_Work task_:
Only the lines from the top of the listing below to the line that has "Pantalone palazzo in" should be echoed, with both ends kept and pictures left out.

Supplied information START

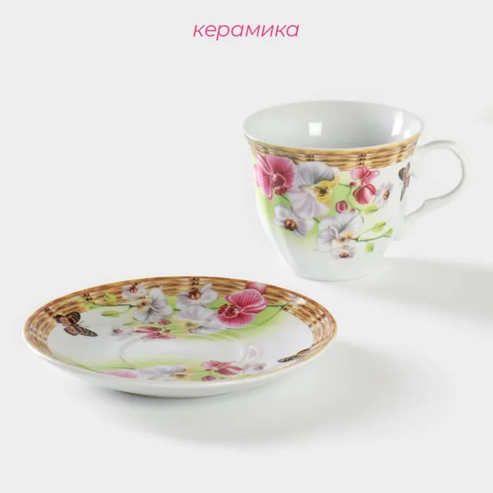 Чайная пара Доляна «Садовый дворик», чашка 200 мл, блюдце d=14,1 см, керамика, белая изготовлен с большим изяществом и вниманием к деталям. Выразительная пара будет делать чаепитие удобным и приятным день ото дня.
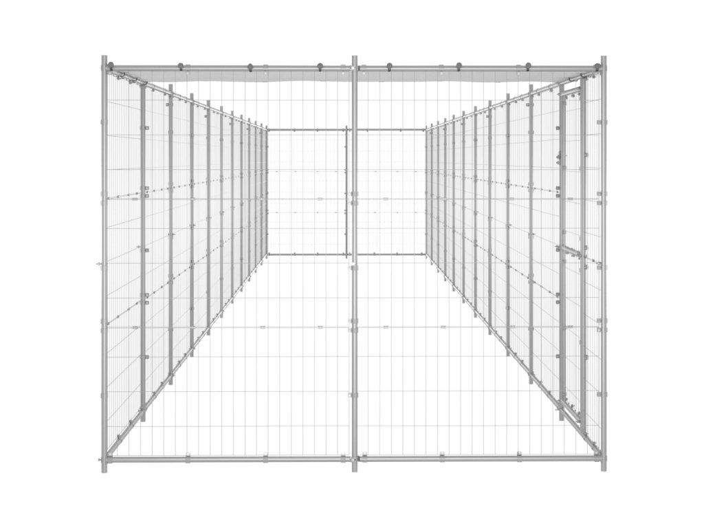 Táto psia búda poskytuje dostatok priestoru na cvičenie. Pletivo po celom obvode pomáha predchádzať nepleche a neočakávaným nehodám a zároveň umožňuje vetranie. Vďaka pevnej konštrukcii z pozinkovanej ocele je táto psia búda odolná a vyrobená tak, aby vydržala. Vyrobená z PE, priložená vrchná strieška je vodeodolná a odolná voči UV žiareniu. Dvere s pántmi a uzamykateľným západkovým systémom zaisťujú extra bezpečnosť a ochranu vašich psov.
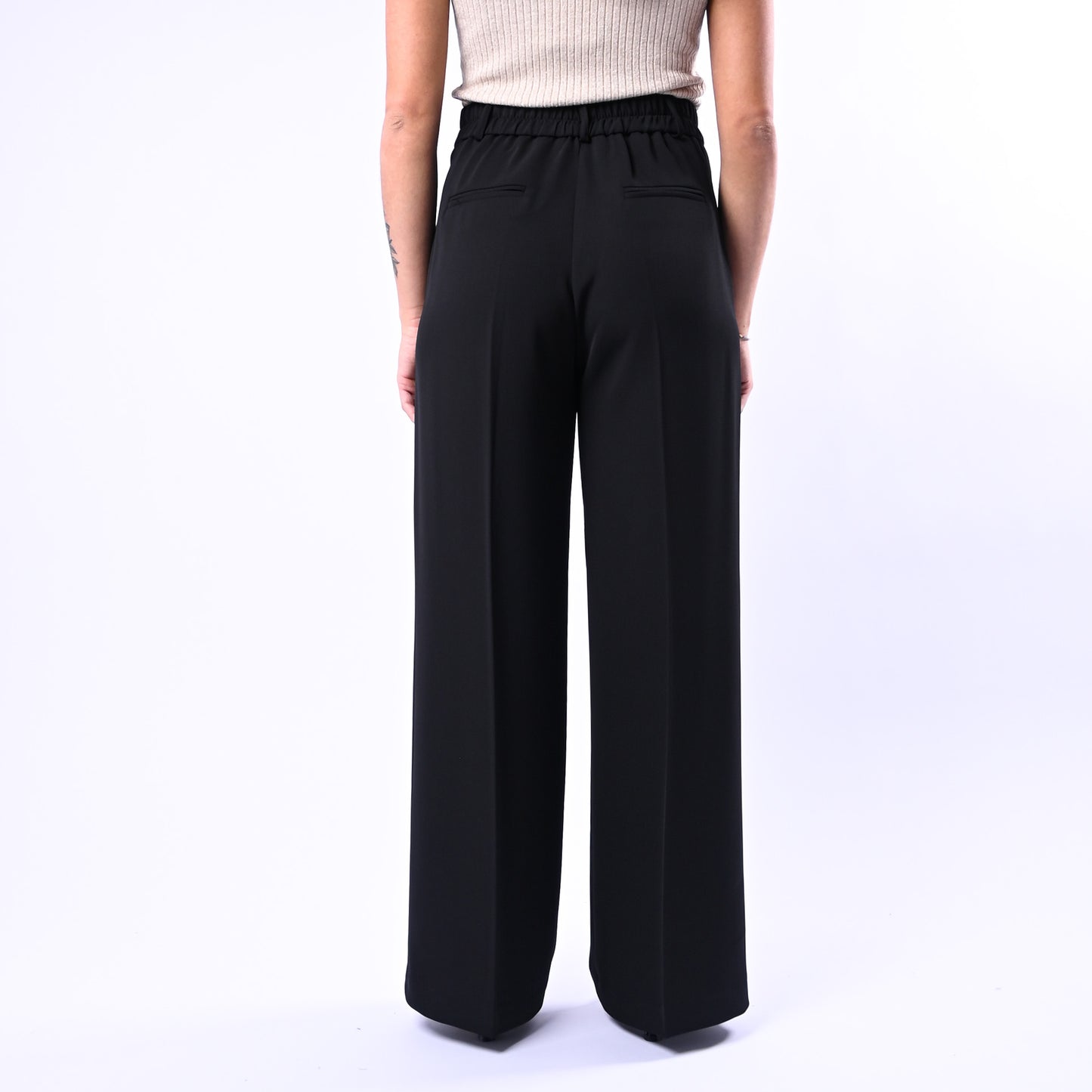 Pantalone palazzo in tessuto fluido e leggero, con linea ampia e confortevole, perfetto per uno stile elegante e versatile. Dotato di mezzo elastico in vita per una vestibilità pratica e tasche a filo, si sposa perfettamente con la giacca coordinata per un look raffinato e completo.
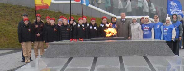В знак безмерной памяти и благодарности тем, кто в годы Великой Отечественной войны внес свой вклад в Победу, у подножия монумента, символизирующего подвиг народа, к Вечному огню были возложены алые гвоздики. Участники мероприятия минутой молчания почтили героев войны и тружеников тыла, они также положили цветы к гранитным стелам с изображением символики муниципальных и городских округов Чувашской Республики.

Supplied information END

_Written solution_:
 Чайная пара Доляна «Садовый дворик», чашка 200 мл, блюдце d=14,1 см, керамика, белая изготовлен с большим изяществом и вниманием к деталям. Выразительная пара будет делать чаепитие удобным и приятным день ото дня.
 Táto psia búda poskytuje dostatok priestoru na cvičenie. Pletivo po celom obvode pomáha predchádzať nepleche a neočakávaným nehodám a zároveň umožňuje vetranie. Vďaka pevnej konštrukcii z pozinkovanej ocele je táto psia búda odolná a vyrobená tak, aby vydržala. Vyrobená z PE, priložená vrchná strieška je vodeodolná a odolná voči UV žiareniu. Dvere s pántmi a uzamykateľným západkovým systémom zaisťujú extra bezpečnosť a ochranu vašich psov.
 Pantalone palazzo in tessuto fluido e leggero, con linea ampia e confortevole, perfetto per uno stile elegante e versatile. Dotato di mezzo elastico in vita per una vestibilità pratica e tasche a filo, si sposa perfettamente con la giacca coordinata per un look raffinato e completo.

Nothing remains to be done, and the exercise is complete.